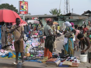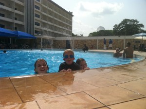 Twice this week we’ve been into Kumasi. It’s an hour drive away from Konongo, and where the children will go to school. It is a city of 1.5 million people and is the second largest city in Ghana, and the capital of the Ashanti Region. It is not as metropolitan as the capital, Accra, but is certainly teeming with life. It’s known as the garden city of Ghana, with several large parks. On the way through the university (KNUST), to have a look at the pool, we saw the Botanical Gardens, which were a large wooded area. Unfortunately, but I guess not surprisingly, the gardens were not fabulously well kept. The kids were thrilled seeing young guys with slingshots aiming at birds in the gardens (!). The pool is very large, good for lap swimming, but the water was (more than) a bit cloudy, so we thought it best to let our immune systems get used to the local bugs before we had a go. We treated ourselves to a posh lunch and swim at The Golden Tulip.
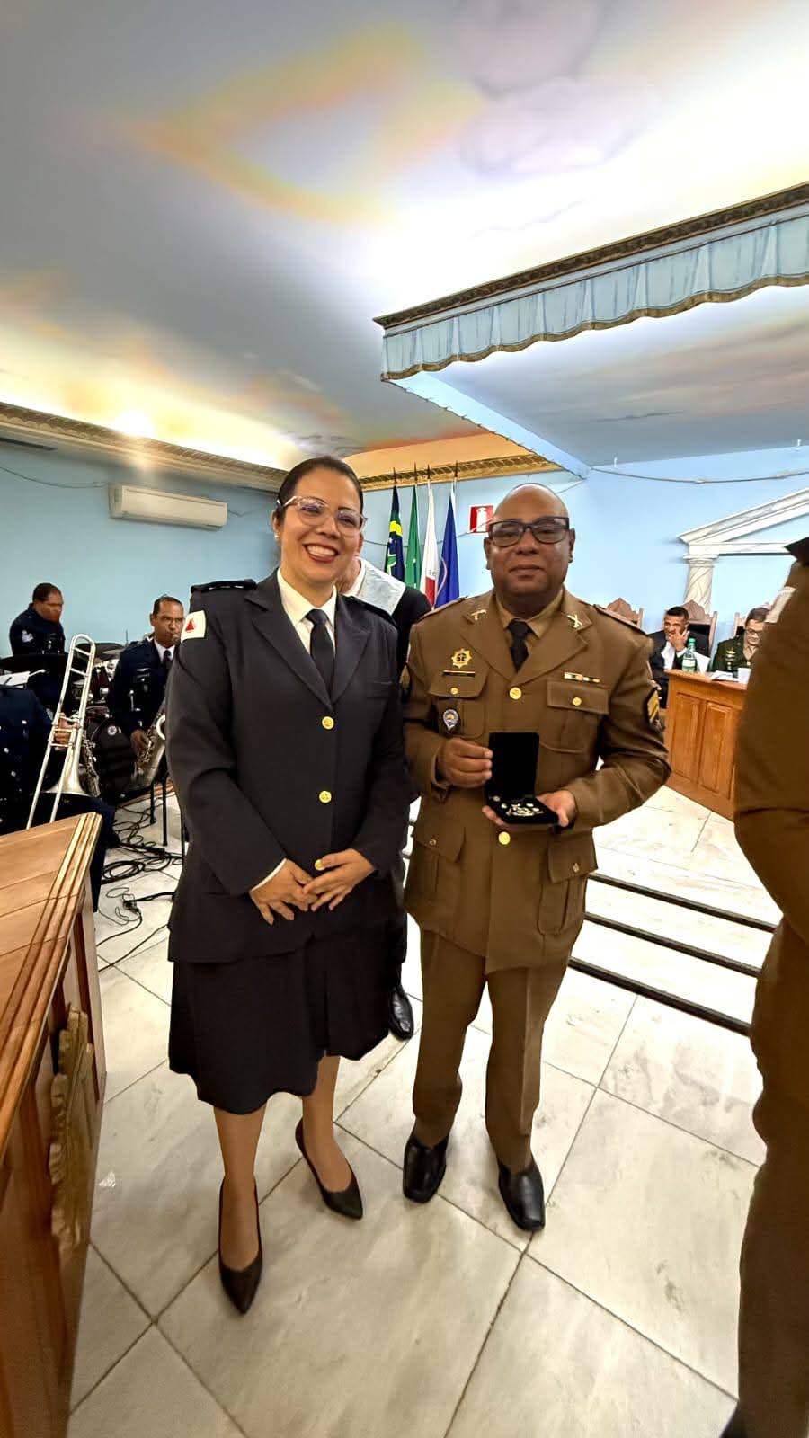 A solenidade, marcada por forte espírito de civismo, contou com a participação especial da banda da Aeronáutica, que abrilhantou o evento com apresentações que ressaltaram o patriotismo e a valorização das forças de segurança e demais profissionais homenageados.
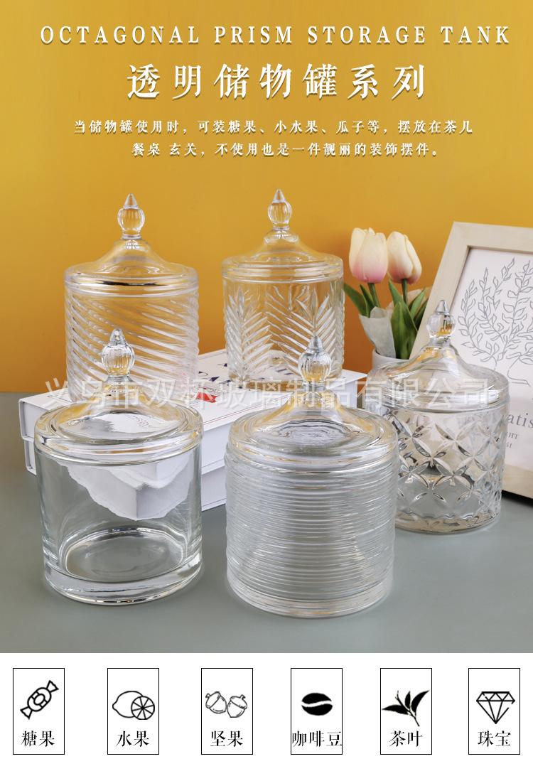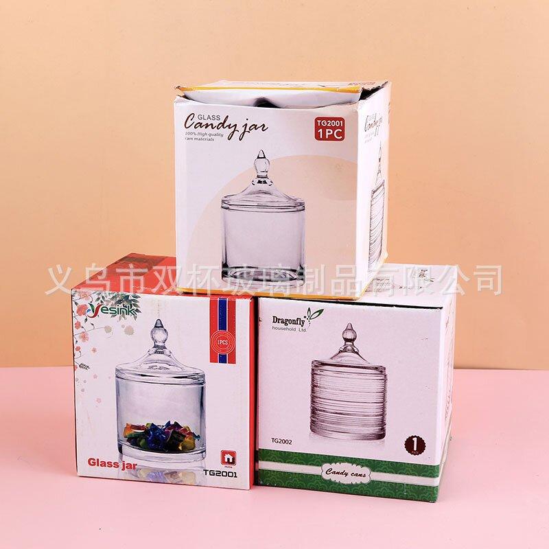 Frasco de armazenamento de vidro simples com tampa Lanche Copo de doces Caixa de jóias de casamento Tempero doméstico Armazenamento de frutas secas Caixa
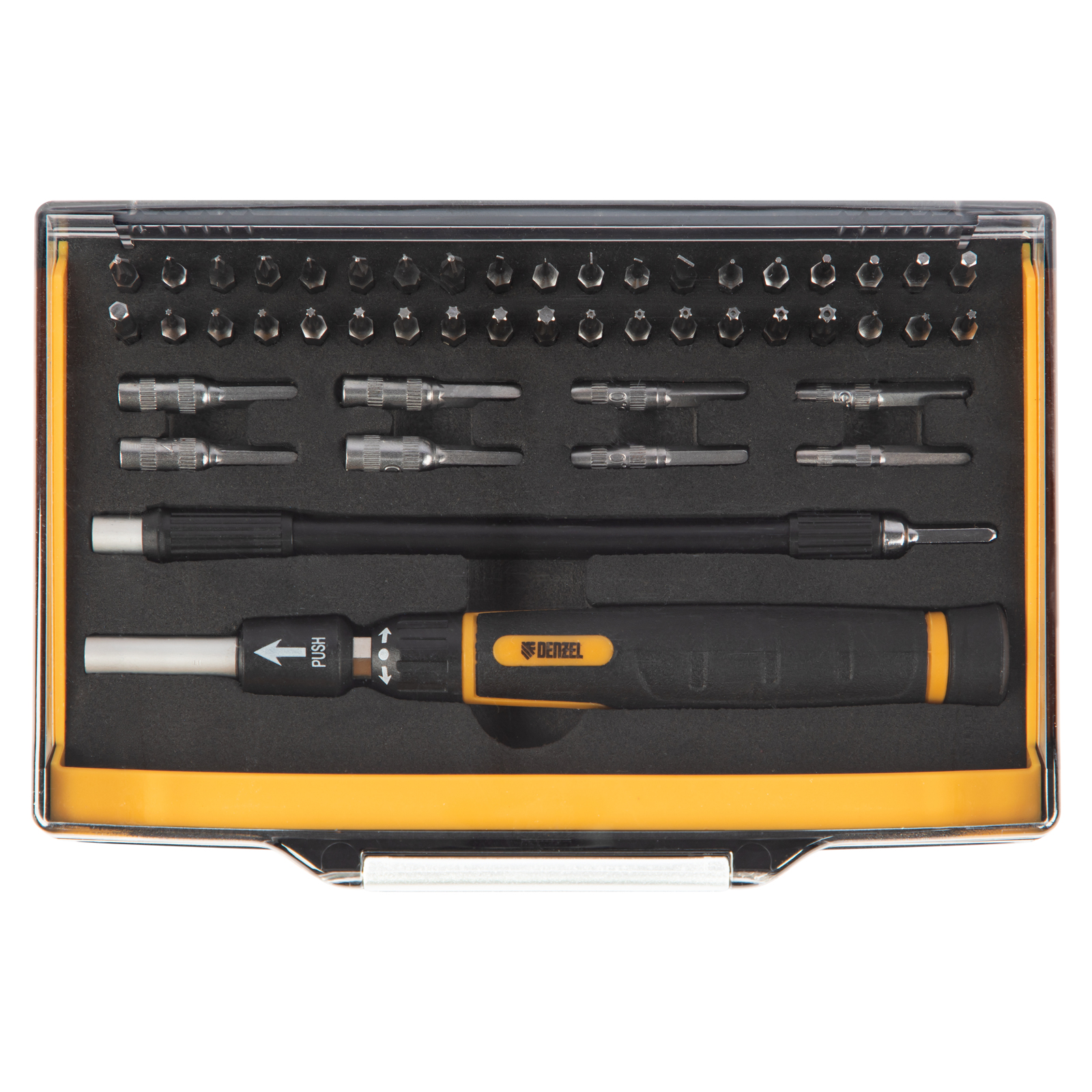 Отвертка с набором бит и торцевых головок для точных работ, гибкий привод, 48 шт, CrMo Denzel
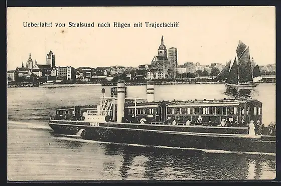 AK Stralsund, Trajectschiff der Verbindung nach Rügen, Segelboot
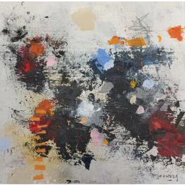 The artist used Acrylic, Charcoal media on Canvas to create this Abstract, Small size painting.
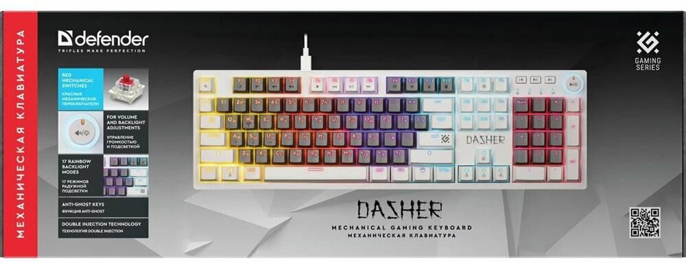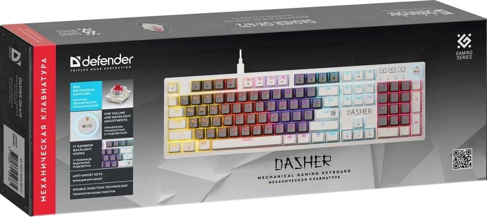 Клавиатура DEFENDER (45473) Dasher GK-472 RU,серый/белый
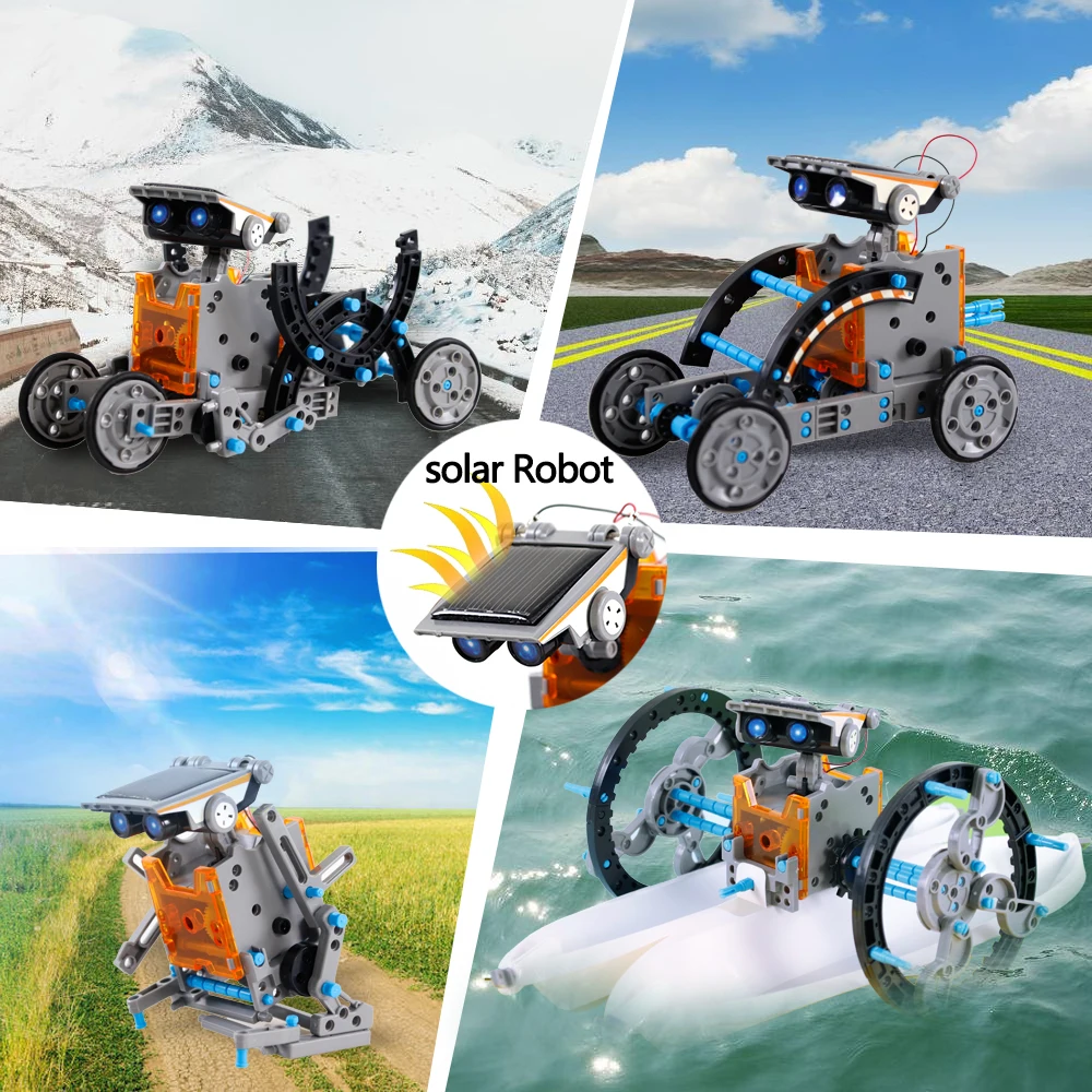 1. 12 различных форм Может быть адаптирован к водным и наземным движениям, подходит для больших возрастных пролетов, это лучшее время для сопровождения ваших детей. 2. Самостоятельное производство: Улучшайте воображение и творческие способности детей, и пусть дети учатся знаниям через игры и игры. 3. Аккумулятор не требуется В комплект входит солнечная панель. Панель может собрать солнечную энергию, а затем применить его к двигателю, чтобы сделать продукт двигаться. 4. Обучение STEM: Продукт объединяет науку, технологии, технику, математику в одном, улучшает практические способности детей и логическое мышление, а затем понимает важность командной работы. 5. Хороший подарок Изготовлен из нетоксичного, безвредного и без запаха АБС-материала, позволяет детям получать удовольствие от возобновляемой энергии.

::::

Copy exactly, without pictures, the lines above from the one with "Отвертка с набором" down to the one with "Клавиатура DEFENDER (45473)", inclusive.

 Отвертка с набором бит и торцевых головок для точных работ, гибкий привод, 48 шт, CrMo Denzel
 AK Stralsund, Trajectschiff der Verbindung nach Rügen, Segelboot
 The artist used Acrylic, Charcoal media on Canvas to create this Abstract, Small size painting.
 Клавиатура DEFENDER (45473) Dasher GK-472 RU,серый/белый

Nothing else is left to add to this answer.